(Extracted data entries)
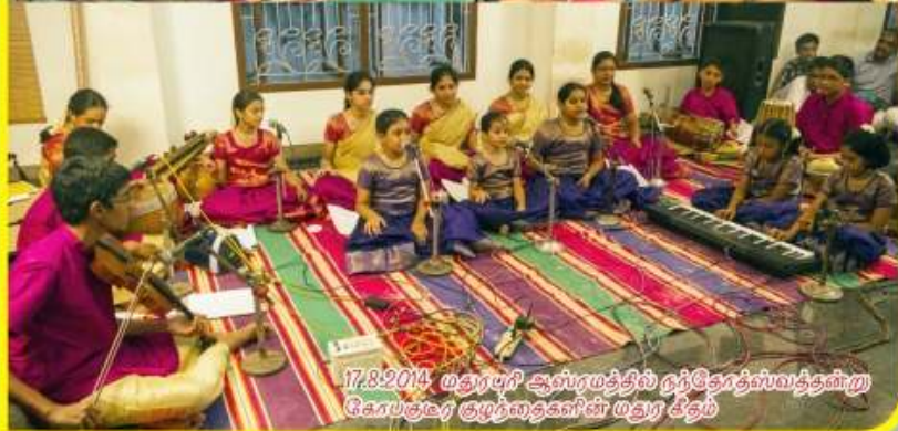
17.8.2014 மதராஸ் ஆன்டரயத்தில் நக்சேர்தல்வத்தன்று கோயத்திர குழுவதானின் மதரா கீதம்
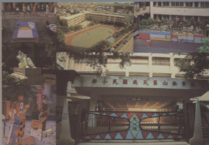
充滿藝術氣息的校園—臺北市民族國小
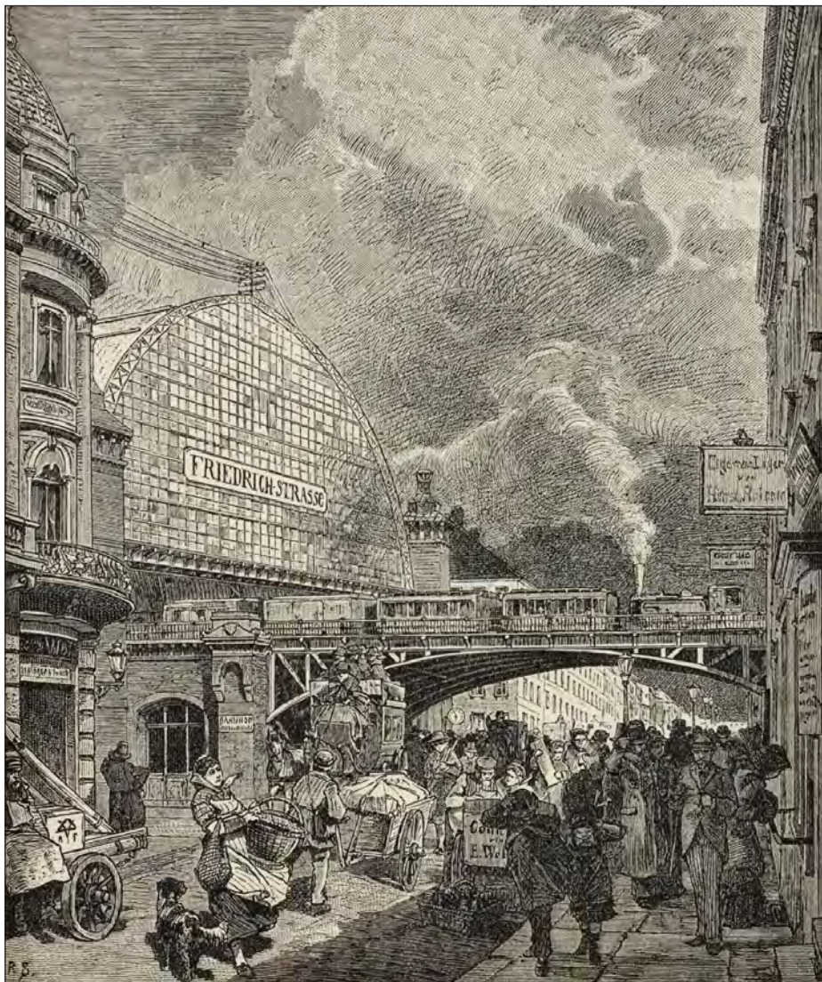
Friedrichstrasse Station fra 1878 blev fra begyndelsen et vigtigt berlinsk trafikalt knudepunkt. Georg Brandes var meget imponeret; over højden, bredden, lysen, den hensigtsmæssige indretning. Fra Berlin som tysk Rigshovedstad, 1885.

sagen om hans professorkandidatur med uformindsket styrke. Aviserne bugnede fortsat af kritiske indlæg fra Brandes' modstandere – ”Skældeartikler af lavtliggende Art”, som Brandes kaldte dem 6
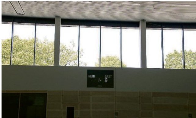
Große Fenster sorgen für viel Tageslicht in der neuen Halle.

Die Sporthalle an der Kreuzschule in Heek ist in den vergangenen Monaten fit für die Zukunft gemacht worden. Nun steht der erste offizielle Termin in der neuen Halle an.
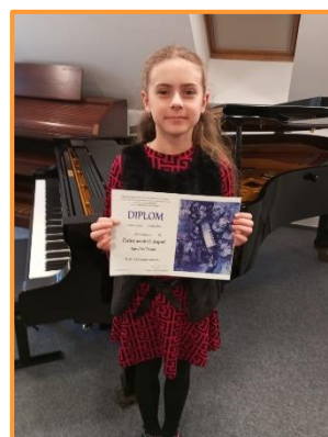
Okresní soutěž MŠMT 1.3.2024
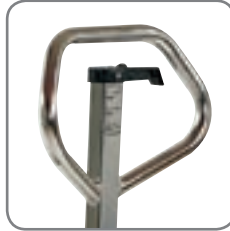
Die ergonomische Deichsel gewährt dem Anwender einen entspannten Griff.

Die Geräte entsprechen der Gerätegruppe II und sind für Bereiche zugelassen, die als Zone 1/Zone 21 klassifiziert sind (umfassen auch Zone 2/Zone 22). Das heißt Bereiche, in denen zu rechnen ist, dass eine gefährliche, explosionsfähige Atmosphäre durch ein Gemisch aus Gasen oder durch Staub gelegentlich auftritt.
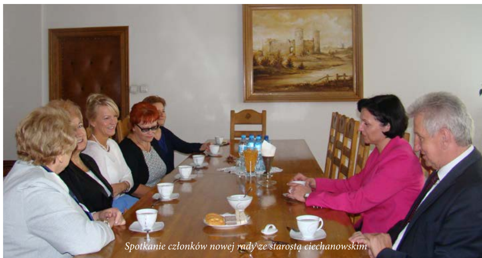
Spotkanie członków nowej rady ze starostą ciechanowskim

Spotkania Rady odbywały się raz na kwartał, a w przypadkach szczególnych były organizowane częściej. Powiatowa Społeczna Rada do Spraw Osób Niepełnosprawnych opiniowała projekty planu rzeczowo-finansowego środków PFRON w latach 2011-2015 i projekty przeprowadzonych zmian w planie rzeczowo-finansowym środków PFRON w latach 2011 -2015. Wydawała opinie dotyczące budżetu powiatu ciechanowskiego pod kątem jego skutków dla osób niepełnosprawnych. Ponadto opiniowała składane projekty przez powiat ciechanowski, w ramach ogłaszanych przez PFRON programów celowych, na dofinansowanie w latach 2012 - 2014 likwidacji barier transportowych oraz na dofinansowanie likwidacji barier architektonicznych w 2013 roku. Łącznie wydano 24 opinie.
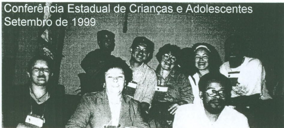
Conferência Estadual de Crianças e Adolescentes Setembro de 1999

Educador do Núcleo de Trabalhos Comunitários da PUC/SP
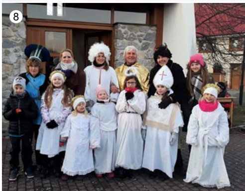
Rozsvěcování vánočního stromu ve Veselici
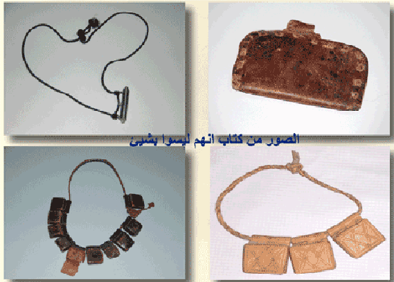
الصور من كتاب انهم ليسوا بشي

സ്നേഹവും നന്മയും വരുത്തുവാനും അവർക്ക് ഉണ്ടായേക്കാവുന്ന തിന്മ തടയുവാനും സാധിക്കുമെന്ന് കരുതുന്നു. ചിലർ സന്താന സൗ
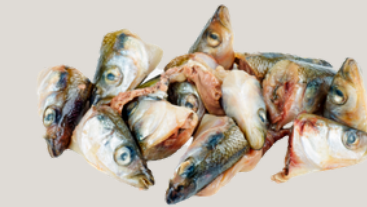
Nombre Común: Cabeza de pescado
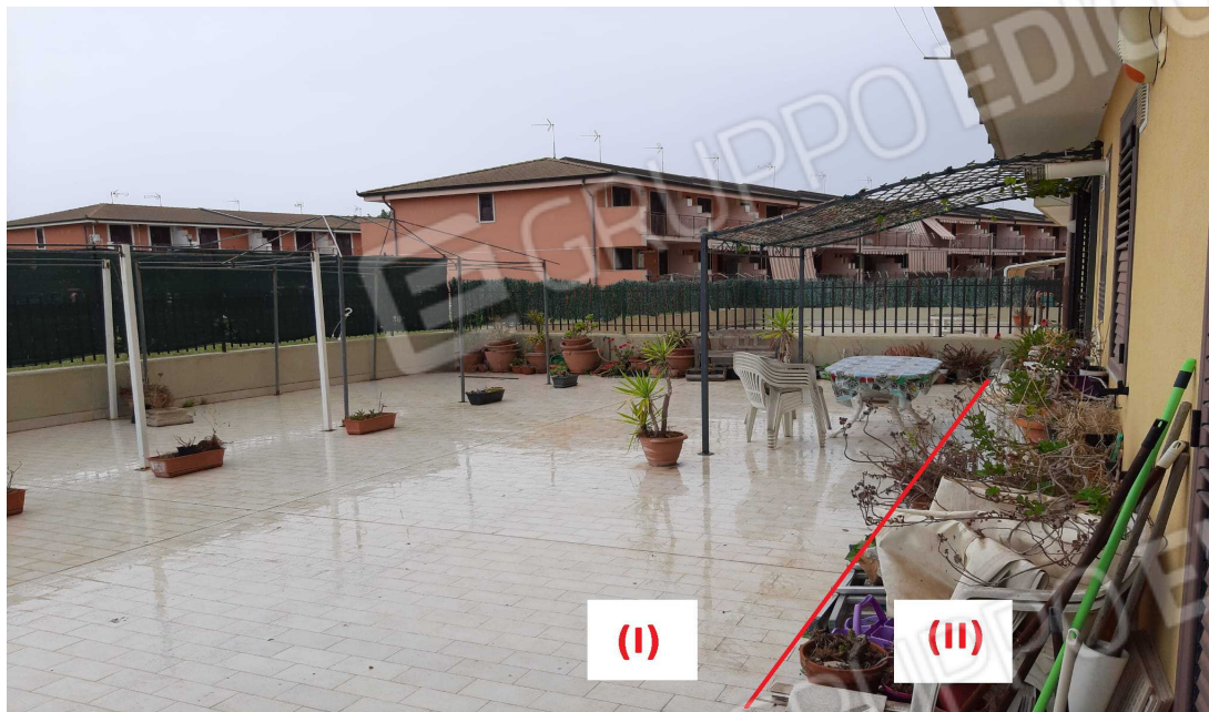
G.15A – Immobile A. Parti esterne lato Est. Spazio Condominiale (I) e spazio di pertinenza dell'immobile A (II), definiti in base alla C.E. n. 68/2008.
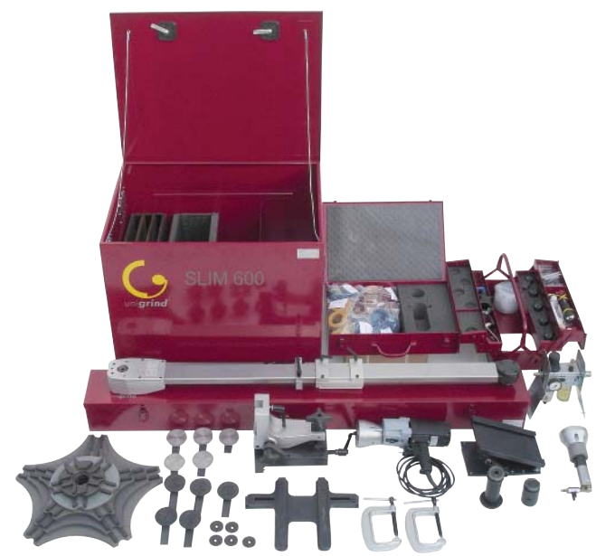
SLIM 600 Lieferumfang
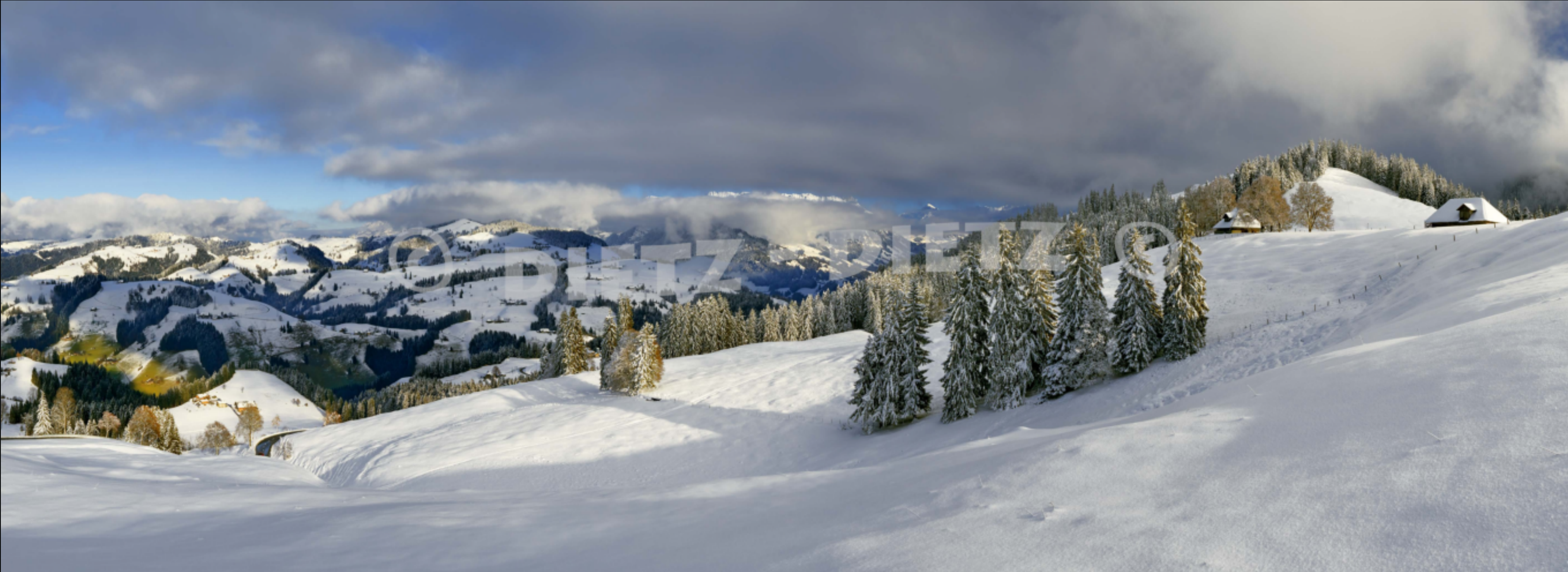
Schallenberg, Emmental (BE)
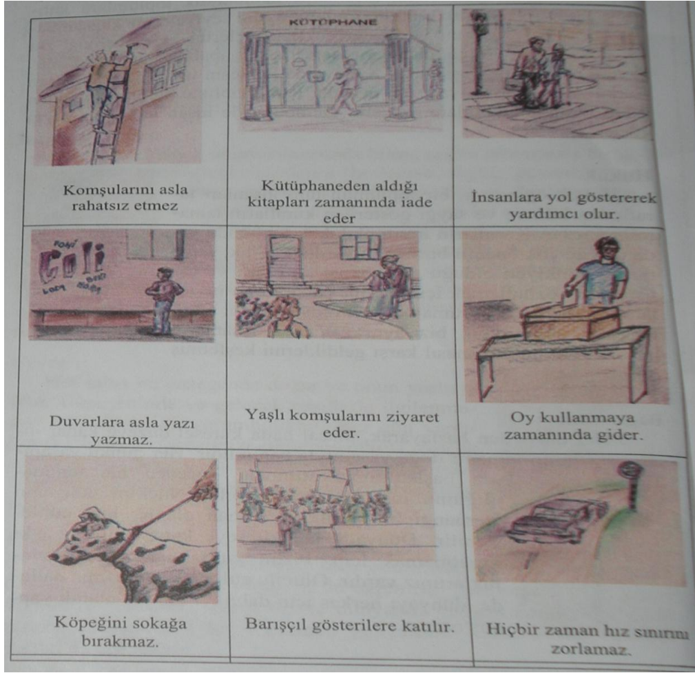
Resim 2: Yurttaşlık Eğitimi 6. Sınıf, “İyi Yurttaş Kimdir?”, s. 6 (2006a)

1. resimde, iyi yurttaşların sosyal ve siyasal sorumluluklar bağlamında, komşularını rahatsız etmemesi, kütüphaneden aldığı kitapları zamanında iade etmesi, insanlara yol göstererek yardımcı olması, duvarlara yazı yazmaması, yaşlı komşularını ziyaret etmesi, oy kullanmaya zamanında gitmesi, köpeğini sokağa bırakmaması, barışçıl gösterilere katılması, hız sınırını zorlamaması gibi, özellikleri/erdemleri taşıdığı belirtilmektedir.
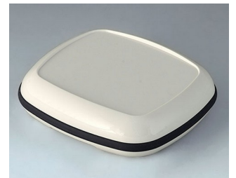
B1608217 BODY-CASE XL, with recess ASA (UL 94 HB) traffic white RAL 9016 62x56x17mm IP 65
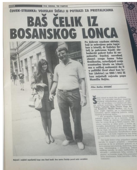
Slika 5: Fotografija V.Šešelja u intervjuu za "Dugu" [5]

U članku Baš čelik iz bosanskog lonca , autorice Duške Jovanić, naveo bih nekoliko izjava Vojislava Šešelja. Pa tako on tvrdi sljedeće: “U slučaju da Slovenci i Hrvati odluče da istupe iz Jugoslavije, zalažem se za demokratsku integraciju svih istorijskih pokrajina u kojima u većini živi srpski narod. Ubeđeni smo da je neophodno posebnu pažnju posvetiti stvaranju mogućnosti za slobodan i nesmetan povratak u Otadžbinu svim srpskim iseljenicima, kao i stalnom jačanju kulturnih, ekonomskih i političkih veza Otadžbine i dijaspore. “, čime direktno daje na znanje da je zagovornik velikosrpsva. U nastavku teksta Duška Jovanić piše o Šešelju da je zagriženi nacionalist, što je smatrala njegovom najvećom kvalitetom. Šešelj je tvrdio da je u Bosni nemoguće govoriti o međunacionalnim odnosima, budući da tamo žive isključivo Srbi, ali
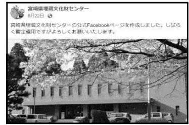
【埋蔵文化財センターフェイスブックページ】
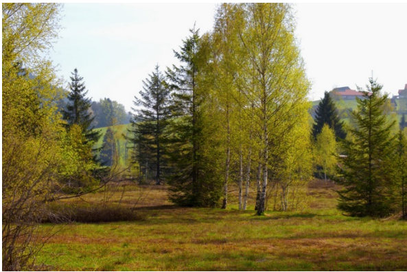
Moorgehölze im Hochmoor Schwantenu
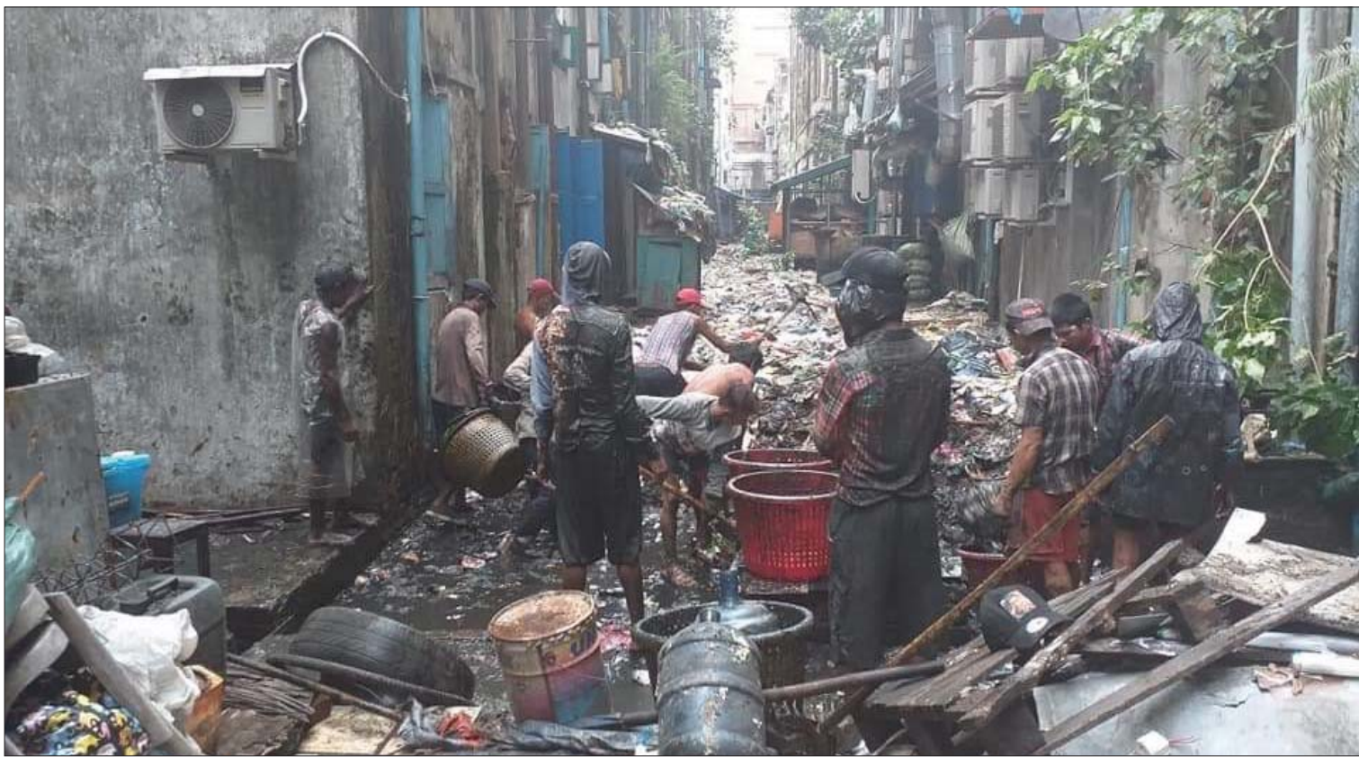
နောက်ဖေးလမ်းကြားများတွင် စွန့်ပစ်အမှိုက်များ ရှင်းလင်းဖယ်ရှားစဉ်။

မ ပင့်မဖိတ်ဘဲ နွေခေါင်ခေါင် မတ်လစတုတ္ထ ပတ်ထဲက မြန်မာပြည်ကို ရောက်လာခဲ့တဲ့ ကိုဗစ်-၁၉ က အခုဆို တစ်လ ကျော်ကျော်ရှိနေပြီဆိုရမှာ ဖြစ်ပါတယ်။ တစ်လကျော်အတွင်း ရောဂါပိုးပျံနှံမှု ကလည်း မေ ၄ ရက် ၂၀၂၀ နာရီ ၁၀ တန်း ထုတ်ပြန်ချက်အရ ရောဂါပိုးတွေ့ရှိသူ ၁၆၁ ဦး ရှိခဲ့ပြီး အဲဒီထဲက ပြန်လည်ကောင်းမွန်၍ ဆေးရုံ မှ ဆင်းခွင့်ရရှိသူ ၂၉ ဦးရှိနေပါပြီ။ သေဆုံးသူ ခြောက်ဦးသာ ရှိခဲ့ပါတယ်။ နိုင်ငံတော်က တာဝန်ရှိသူတွေရဲ့ အဆိုအရ ပထမလှိုင်းအဆင့် မှာပဲ ရှိနေပါသေးတယ်။ နောက်ထပ်လှိုင်းလုံး များကို ဘယ်လောက်ကြာကြာဖြတ်ကျော်ရ ဦးမှာလဲဆိုတာ ဘယ်သူမှ မပြောနိုင်တဲ့ အနေအထားပါ။ မိုင်ပေါင်းများစွာရှည်လျားတဲ့ ပြေးလမ်းပေါ်က တာဝေးအပြေးသမားလိုပါပဲ။ ရေရှည်အမောလုံဖို့ လိုပါလိမ့်မယ်။
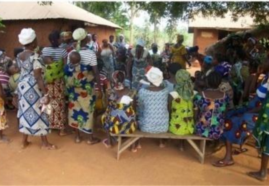
MEMBRES DU GROUPEMENT LONLONGNON DE ONG APASIC DANS LE VILLAGE DE TOKPOHOUE , ARRONDISSEMENT DE SOKOUHOUE, COMMUNE DE DJAKOTOMEY, DEPARTEMENT DU COUFFO

__Task details__. Find every line in the records that uses the string "neuen", then copy it.

__Worked solution__.
Große Fenster sorgen für viel Tageslicht in der neuen Halle.
Die Sporthalle an der Kreuzschule in Heek ist in den vergangenen Monaten fit für die Zukunft gemacht worden. Nun steht der erste offizielle Termin in der neuen Halle an.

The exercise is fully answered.